Work request: Skip every image and restate the data word for word.

Dataset:
____
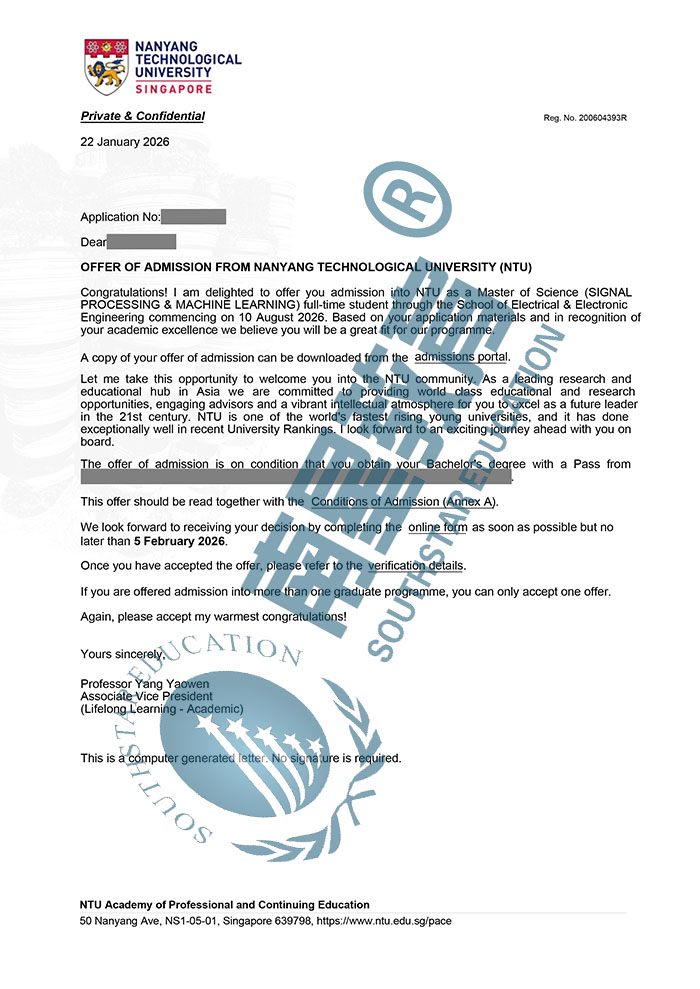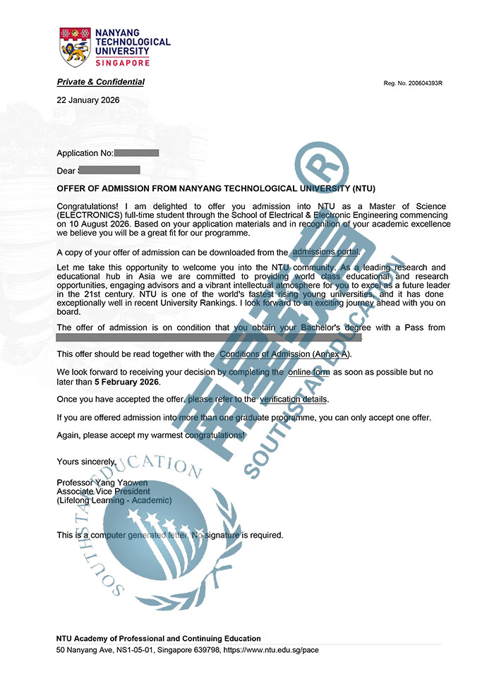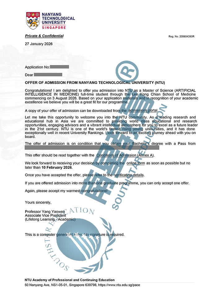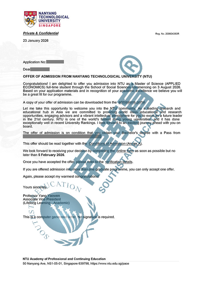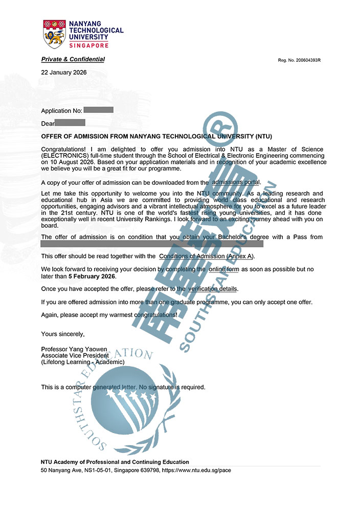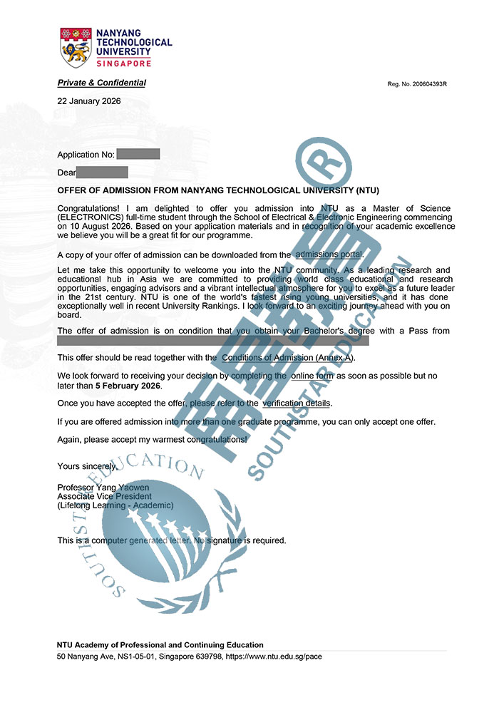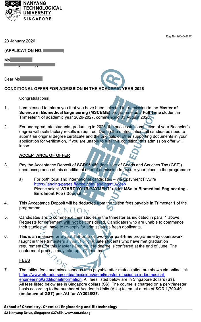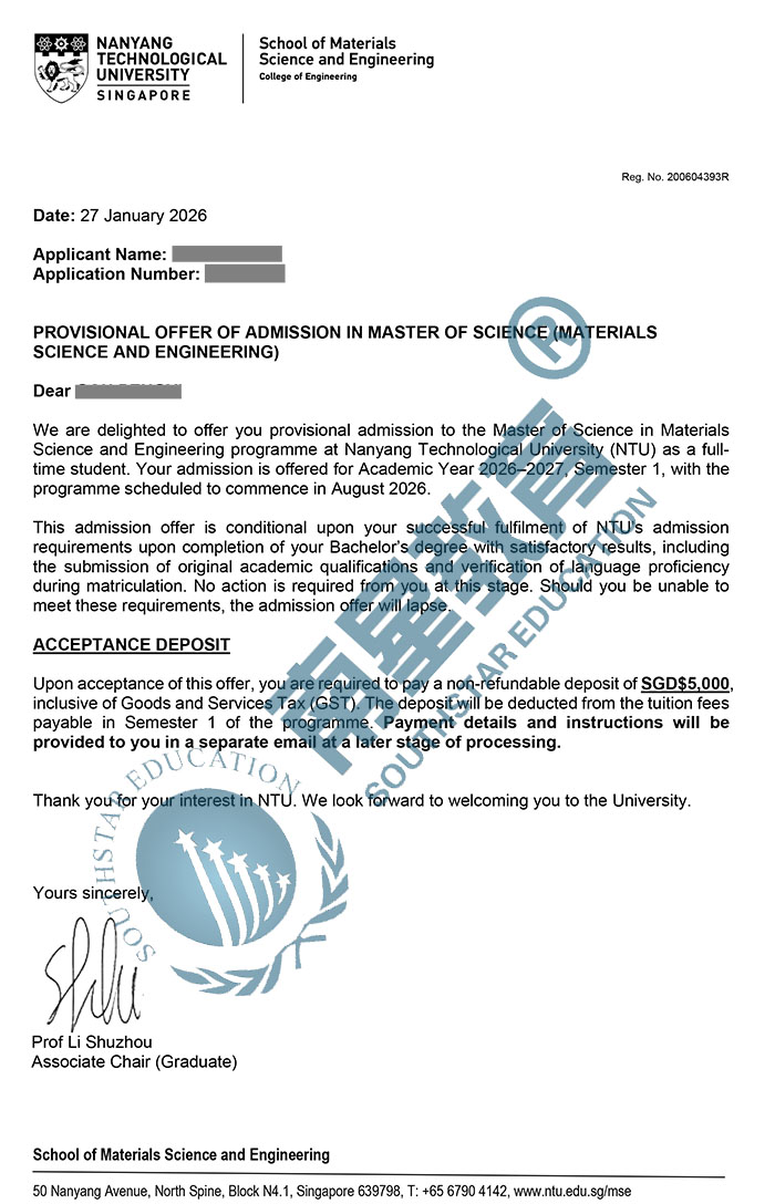 | 预估费用 | 总学费55030新币;生活费约14万人民币/年,1年就读结束总费用约44万人民币。 |
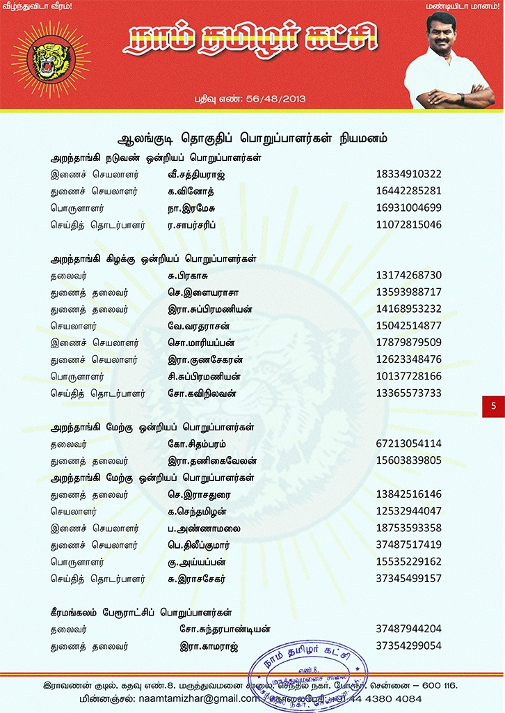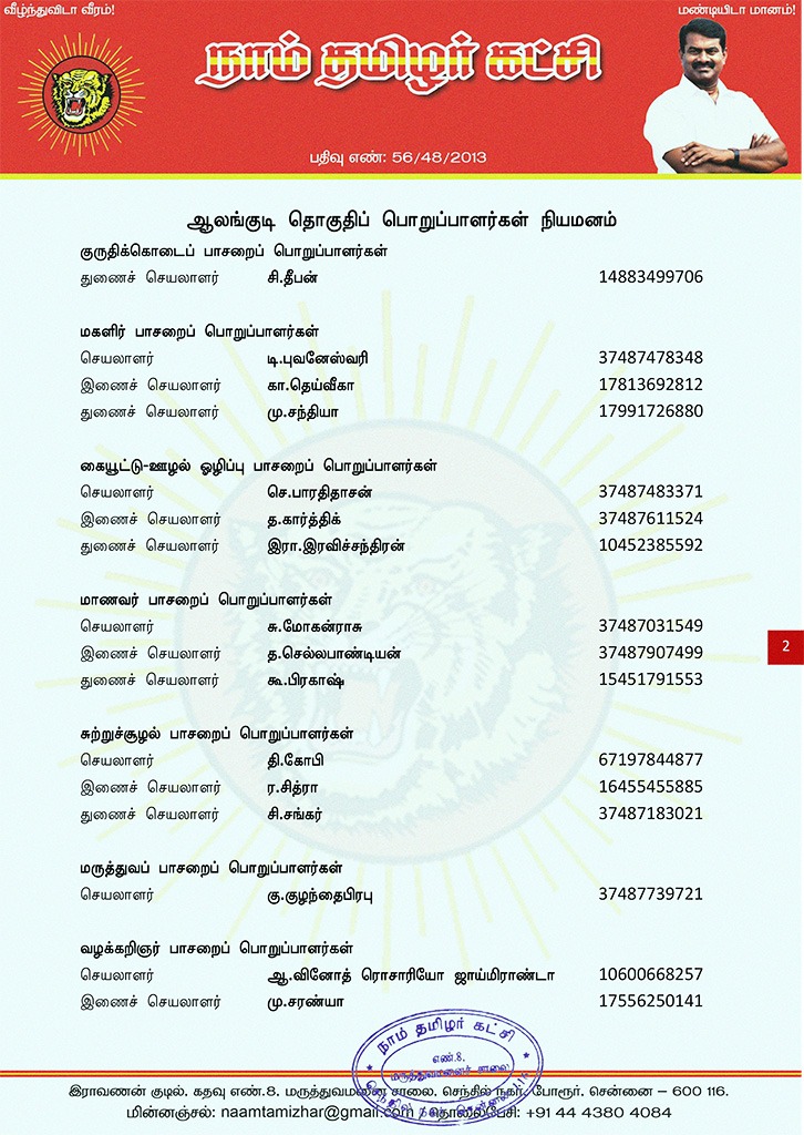 மேற்காண் அனைவரும் நாம் தமிழர் கட்சி – ஆலங்குடி தொகுதிப் பொறுப்பாளர்களாக நியமிக்கப்படுகிறார்கள். இவர்கள் அனைவருக்கும், கட்சியின் அனைத்துநிலைப் பொறுப்பாளர்களும், அன்பு உறவுகள் அனைவரும் முழு ஒத்துழைப்பு நல்குமாறு அன்போடு கேட்டுக் கொள்ளப்படுகிறார்கள்.
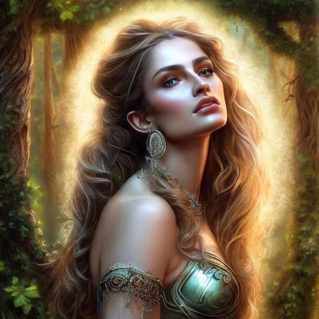 - एल्वेन प्रिंसेस: एक एल्वेन प्रिंसेस का पोर्ट्रेट, जो एक चमकदार, पत्तों के पैटर्न वाली गाउन में, एक धूप से भरे जंगल के साफ़ हिस्से में खड़ी है, उसके बालों में चांदी के पत्ते और तारों की रोशनी बुनी हुई है।
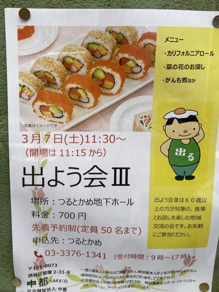 出よう会は60歳以上の方が対象の、食事とお話しを楽しむ地域交流の会です。お気軽参加ください!
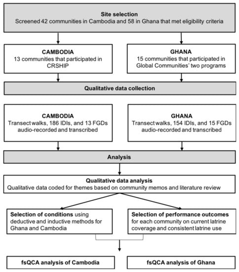 Our study goals were to understand and compare the local conditions that influence sustained latrine coverage and consistent use in communities that participated in CTLS programs in Cambodia and Ghana. We analyzed conditions under three categories of interest: (i) engagement of community leaders, (ii) post-triggering and post-ODF follow-up, and (iii) financial and pro-poor support. By using fsQCA, we identified how combinations of conditions influenced outcomes, allowing us to better understand how the actors at the community level worked in concert. By comparing the countries, we aimed to draw conclusions on how mechanisms for sanitation uptake vary in different settings.
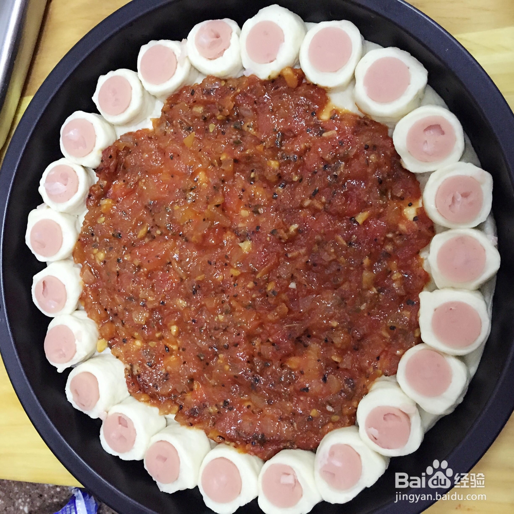 6、披萨饼用叉子叉点孔,边边沾点水,摆上一圈火腿肠段。
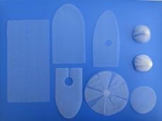 房間隔(ge)缺(que)損(sun)封堵(du)器(qi)壹(yi)般(ban)為(wei)鎳(nie)鈦合(he)金,內(nei)附高(gao)分子(zi)生(sheng)物薄膜(mo),網(wang)狀結(jie)構(gou)內部填(tian)充有聚(ju)酯(zhi)滌(di)綸或(huo)聚(ju)四氟(fu)乙(yi)烯,常用(yong)的有牛心(xin)包(bao)瓣膜(mo)和豬心(xin)包(bao)瓣膜(mo)。可用(yong)於治(zhi)療(liao)先(xian)天(tian)性(xing)心臟病(bing)、乳房再造 、眼球萎(wei)縮義(yi)眼(yan)再(zai)造 、喉部再(zai)造 、硬(ying)腦膜 、頸(jing)動脈(mai)內膜(mo)剝(bo)脫(tuo)等各(ge)類(lei)醫療(liao)過程中(zhong)。
____
Result for this exercise:
 | 预估费用 | 总学费55030新币;生活费约14万人民币/年,1年就读结束总费用约44万人民币。 |
 மேற்காண் அனைவரும் நாம் தமிழர் கட்சி – ஆலங்குடி தொகுதிப் பொறுப்பாளர்களாக நியமிக்கப்படுகிறார்கள். இவர்கள் அனைவருக்கும், கட்சியின் அனைத்துநிலைப் பொறுப்பாளர்களும், அன்பு உறவுகள் அனைவரும் முழு ஒத்துழைப்பு நல்குமாறு அன்போடு கேட்டுக் கொள்ளப்படுகிறார்கள்.
 - एल्वेन प्रिंसेस: एक एल्वेन प्रिंसेस का पोर्ट्रेट, जो एक चमकदार, पत्तों के पैटर्न वाली गाउन में, एक धूप से भरे जंगल के साफ़ हिस्से में खड़ी है, उसके बालों में चांदी के पत्ते और तारों की रोशनी बुनी हुई है।
 出よう会は60歳以上の方が対象の、食事とお話しを楽しむ地域交流の会です。お気軽参加ください!
 Our study goals were to understand and compare the local conditions that influence sustained latrine coverage and consistent use in communities that participated in CTLS programs in Cambodia and Ghana. We analyzed conditions under three categories of interest: (i) engagement of community leaders, (ii) post-triggering and post-ODF follow-up, and (iii) financial and pro-poor support. By using fsQCA, we identified how combinations of conditions influenced outcomes, allowing us to better understand how the actors at the community level worked in concert. By comparing the countries, we aimed to draw conclusions on how mechanisms for sanitation uptake vary in different settings.
 6、披萨饼用叉子叉点孔,边边沾点水,摆上一圈火腿肠段。
 房間隔(ge)缺(que)損(sun)封堵(du)器(qi)壹(yi)般(ban)為(wei)鎳(nie)鈦合(he)金,內(nei)附高(gao)分子(zi)生(sheng)物薄膜(mo),網(wang)狀結(jie)構(gou)內部填(tian)充有聚(ju)酯(zhi)滌(di)綸或(huo)聚(ju)四氟(fu)乙(yi)烯,常用(yong)的有牛心(xin)包(bao)瓣膜(mo)和豬心(xin)包(bao)瓣膜(mo)。可用(yong)於治(zhi)療(liao)先(xian)天(tian)性(xing)心臟病(bing)、乳房再造 、眼球萎(wei)縮義(yi)眼(yan)再(zai)造 、喉部再(zai)造 、硬(ying)腦膜 、頸(jing)動脈(mai)內膜(mo)剝(bo)脫(tuo)等各(ge)類(lei)醫療(liao)過程中(zhong)。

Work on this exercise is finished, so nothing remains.